Однако сейчас прапорщик ощутил, как тусклый лучик надежды коснулся его души, словно из-за тёмных беспросветных туч на секунду выглянуло солнце.
Глава 12
Бердичев
Переговоры затягивались, Филоненко целыми днями просиживал то на телефоне с Петроградом, то в вагоне у Корнилова, раз за разом получая отказ то с одной стороны, то с другой. Генерал твёрдо стоял на своём, Керенский то соглашался, то вновь упорствовал, переобуваясь на лету, а бедолага Филоненко весь извёлся, до хрипоты споря с телефонной трубкой.
Корнилов же заранее готовил приказы и планы, которые должны быть приведены в действие, как только он примет командование. Планы он строил не только военные.
Так, в посёлок Разлив должен будет отправиться отряд надёжных людей, на поиски Ленина и Зиновьева. Как и любой другой ленинградский пионер, Корнилов прекрасно знал, где находится знаменитый шалаш, и кто укрывает в сарае так называемого рабочего Иванова под видом финского крестьянина-косца. Надо успеть, пока Ленин не скрылся в Финляндии, но, насколько генерал мог припомнить, до конца сенокоса Ильич никуда не денется, внимательно следя за ситуацией в Петрограде.
Троцкий сейчас сидел в Крестах, в одиночной камере, бомбардируя письмами, заявлениями и ходатайствами все инстанции, рассылая статьи в газеты и продолжая агитацию прямо из тюрьмы, и Корнилов нешуточно раздумывал отправить к нему агента Меркадера с ледорубом. Вот только провернуть такую операцию будет непросто.
Жаль, местонахождение других большевиков, перешедших теперь в подполье, Корнилов вспомнить не мог, но если получится ликвидировать идейных вдохновителей, то Сталину и Каменеву будет гораздо проще продавить остальных на оборонческую позицию.

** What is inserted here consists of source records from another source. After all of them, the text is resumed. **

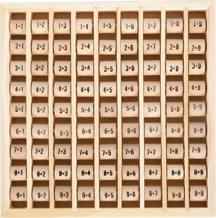 Умна дървена помощна средство за деца от 6 години, която по забавен начин упражнява малката таблица за умножение. Благодарение на въртящите се цилиндърчета лесно сменяте задачите и проверявате резултата. Изработено от 100% FSC сертифицирано дърво за безопасно и устойчиво учене. Компактни размери 21 × 21 × 2 cm, подходящи за бюро и раница.
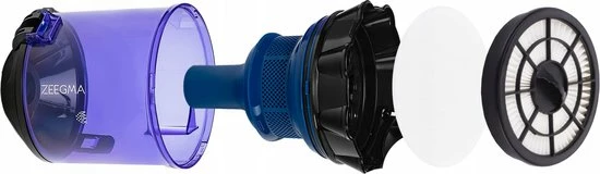 Deze Zonder Base stofzuiger maakt gebruik van de natuurlijke kracht van de wervelende luchtbeweging waarop de cycloontechnologie is gebaseerd. De lucht wordt met grote kracht aangezogen en in de stofbak gewerveld, waarbij stof en andere onzuiverheden worden afgescheiden wat zorgt voor een opmerkelijke reinigingsefficiΓ«ntie, ongeacht de mate van vulling van de stofcontainer.
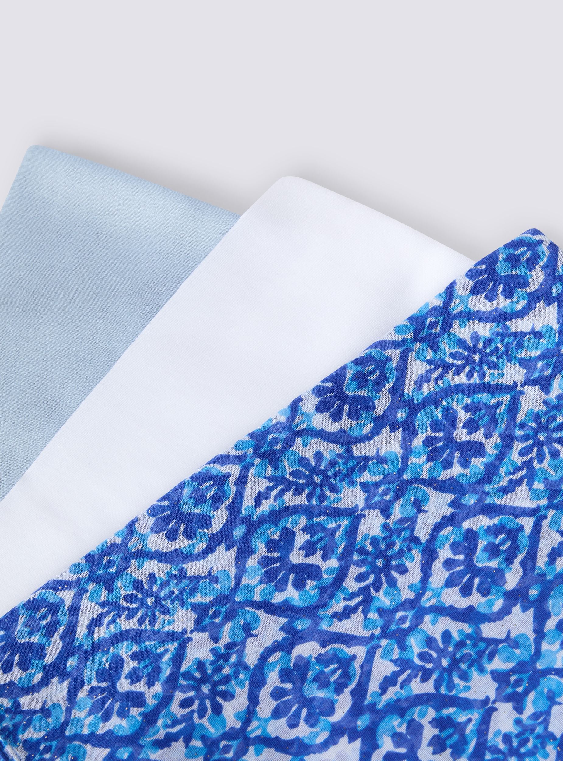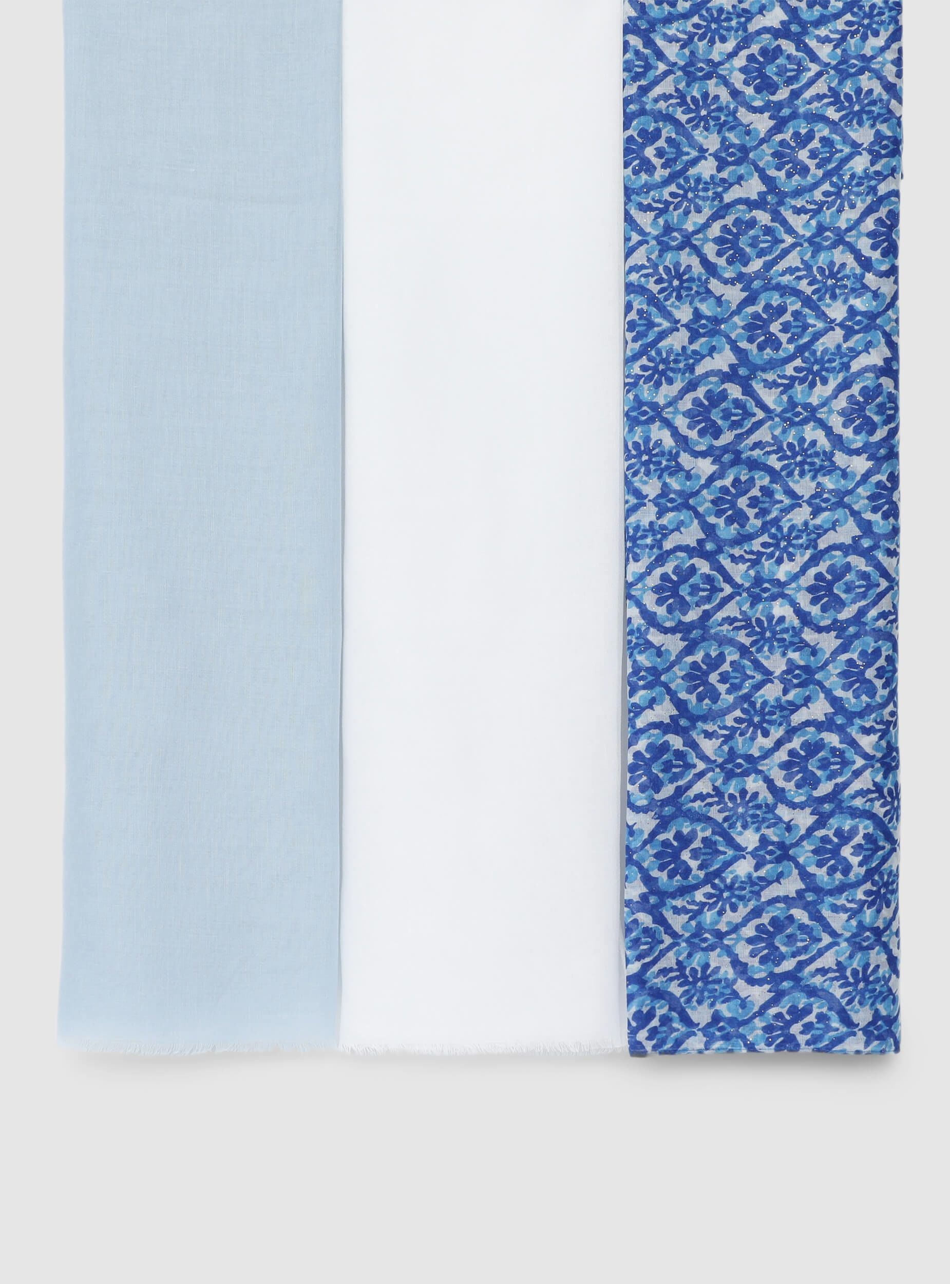 Confezione composta da 3 foulard versatili, perfetti per arricchire ogni look con stile e praticità. La combinazione di tinta unita e fantasia permette di abbinarli con facilità a diversi outfit, da quelli casual a quelli più ricercati. Ideali da indossare come pareo in spiaggia, avvolti intorno al collo per un tocco sofisticato o legati alla borsa per un dettaglio di classe. Un accessorio indispensabile per ogni stagione.Dettagli

Для таких мероприятий нужны собственные спецслужбы. Боевая организация, фанатики, безжалостные и беспринципные, готовые на всё. У правых партий подобных организаций не было, и это хуже, чем преступление, это ошибка. Срочно необходимо претворять в жизнь планы по созданию НРПР и его боевого крыла. Генерал рассчитывал объединить офицерские организации, через Савинкова переманить бывших членов боевого крыла эсеров на свою сторону. А чтобы его не назвали контрой, сатрапом и душителем свободы, зваться это будет Корпусом Стражей Революции.

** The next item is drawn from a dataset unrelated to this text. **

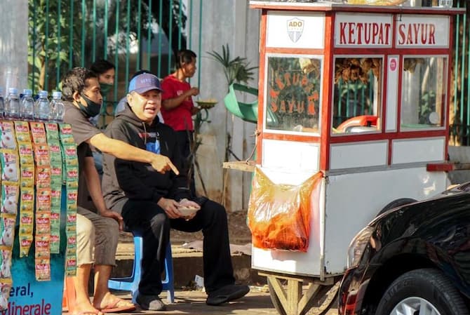 Tak lama setelah ia pun beranjak mendorong gerobaknya ketupat sayurnya menuju tempat dia biasa mangkal untuk menjajakan dagangannya. Bersama sejumlah pedagang gerobakan lainnya. Mulai dari tukang, bubur ayam, ketoprak, mie ayam hingga pedagang minuman.
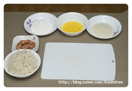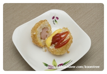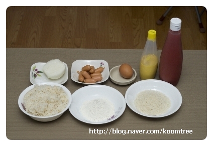 재료 :  비엔나 소세지, 밥, 양파(당근, 피망), 계란, 튀김가루, 빵가루, 케찹, 머스터드, 소금, 식용류

И поэтому Корнилов, скрепя сердце, всё-таки решил обратиться к Савинкову, понимая, что в одиночку или силами армии провернуть такие схемы у него не получится.

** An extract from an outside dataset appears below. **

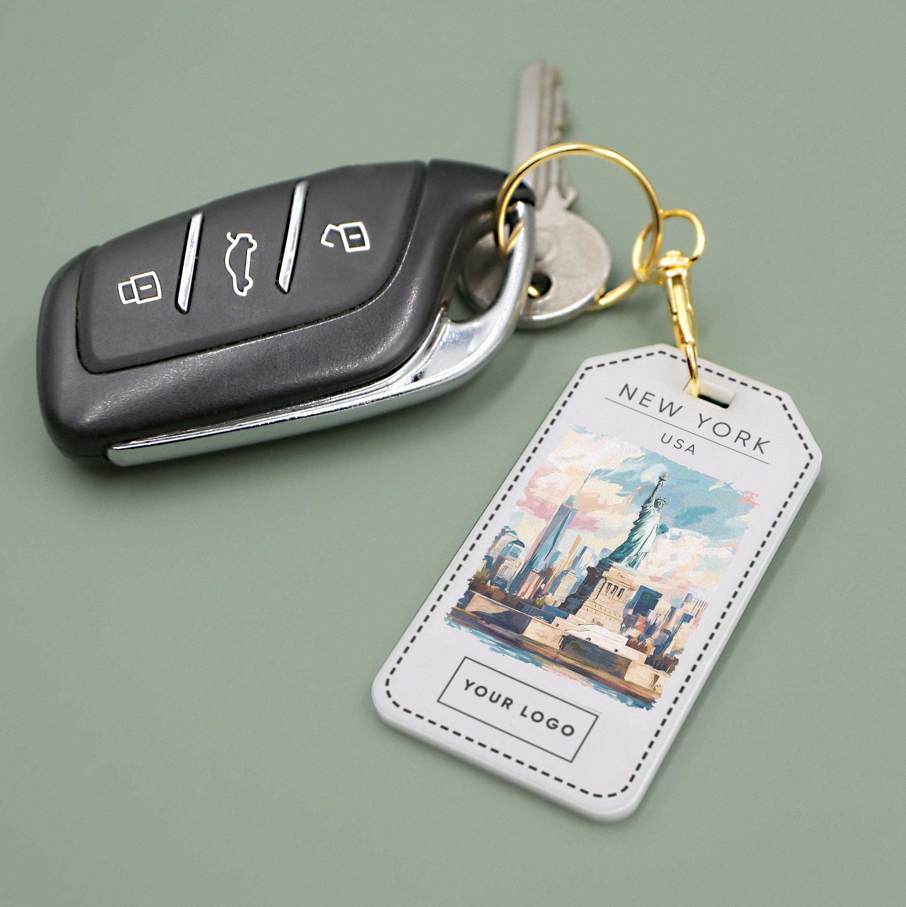 Crafted from 3mm white matte acrylic, this high-quality tag features a UV-printed postcard-style design to match your wallet. The back can be personalised with your clients name, contact details, and even your travel advisor’s logo. Comes with a black PU strap and gold buckle.

Генералу подали автомобиль, корнет Хаджиев выделил нескольких джигитов для охраны, и в штабе фронта Корнилов вновь встретился с бывшим террористом, чтобы пригласить его прогуляться и побеседовать.
Комиссар фронта на встречу согласился не очень охотно, но всё-таки согласился, и они вдвоём вышли в сад, пройтись по тенистым аллеям подальше от чужих взглядов. Только туркмены, в чьей верности Корнилов не сомневался, шагали чуть позади и стояли на входе.
— Борис Викторович, что вы думаете о сложившейся ситуации? — начал издалека Корнилов.
Если комиссар начнёт увиливать или скажет что-то не то, чего от него ожидает генерал, то он и не станет продолжать эту тему, задумка так и останется всего лишь задумкой.
— Что вы имеете в виду, господин генерал? — хмыкнул Савинков. — Я в курсе ваших переговоров с Керенским, вы об этом? Считаю, что он должен уступить.
— Я о политической ситуации в стране, — пояснил Корнилов.
Савинков помрачнел, поправил фуражку. Они медленно шагали бок о бок по пыльным тропинкам сада, скрываясь в тени деревьев от палящей июльской жары.
— Сложно сказать, — буркнул он.
— Вот именно. Гордиев узел, — сказал генерал. — Но он должен быть распутан. Или разрублен.
— Вы намекаете на военную диктатуру? Армия тогда взбунтуется окончательно, а офицеров поднимут на штыки, — отрезал Савинков. — Более того, в случае вооружённого выступления вы найдёте во мне врага, которого вынуждены будете арестовать. Если сами не будете арестованы мною.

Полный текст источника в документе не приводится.